Respecto al relacionamiento conflictivo preexistente entre la agente fiscal recusada y el impugnante, este no aporta elemento probatorio alguno en su escrito de interposición, simplemente se limita a afirmarlo sin ofrecer o agregar pruebas concretas y fehacientes que lo demuestren.
En cuanto a las consecuencias procesales a las que hace referencia el impugnante, traducida en la falta de acceso a las actuaciones que se han realizado hasta el momento, conviene tener presente que la misma no constituye causal de recusación y mucho menos fundado en enemistad manifiesta, esta como motivo de separación, es la que resulta de una situación personal y no la provocada por medidas o actitudes derivadas de la actividad investigativa.

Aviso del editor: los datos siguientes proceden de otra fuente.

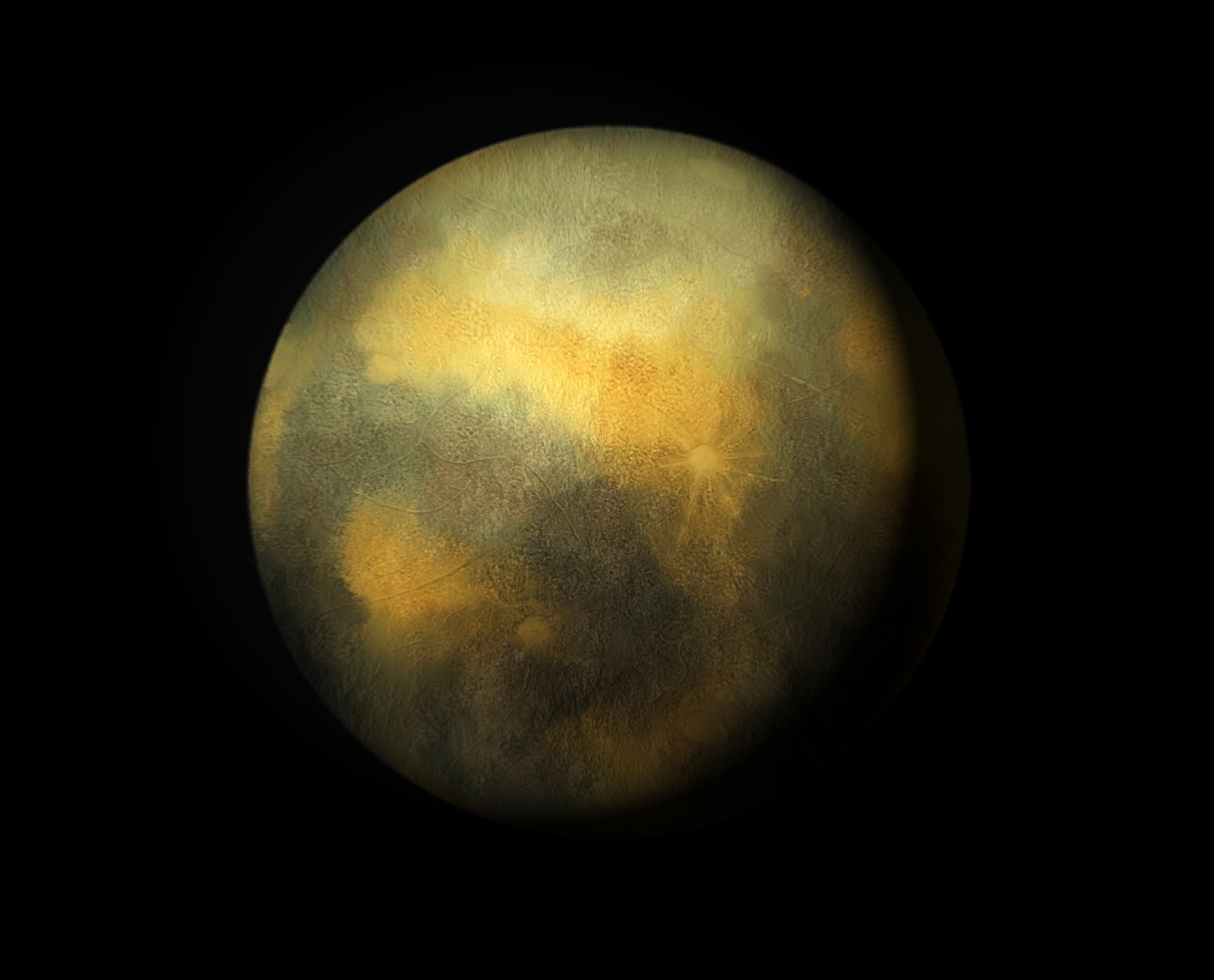 An artistic impression of Pluto based on images made by the Hubble Space Telescope. The texture is partially based on Neptune's moon Triton because it is believed to have been a Kuiper belt object like Pluto before capture. I've included several geologically recent impact features since the discovery of several small moons might suggest the system is active.

Si a criterio del impugnante la agente fiscal recusada incurre en irregularidades en el cumplimiento de sus funciones, el mismo dispone en sede fiscal del órgano denominado Inspectoría General, a cuyo frente se encuentra el Inspector General...
En relación con la participación de la agente fiscal recusada en una conferencia de prensa a los efectos de recepcionar documentaciones de manos del actual director de la binacional, sin hallarse aún firme su competencia, para ello debemos recurrir a las constancias de autos que refiere una recusación interpuesta en autos contra la agente Rocío Vallejo por el abogado Oscar Tuma, rechazada por resolución.
Reitero, los mismos hechos alegados en la presente impugnación fueron analizados por la Fiscalía General del Estado, siendo rechazados por ella y considero que no corresponde inferir en su ámbito de competencia con la presente resolución, puesto que no se observan motivos de arbitrariedad o violación de la defensa en el caso particular y no es necesario por ende violentar la esfera del Ministerio Público.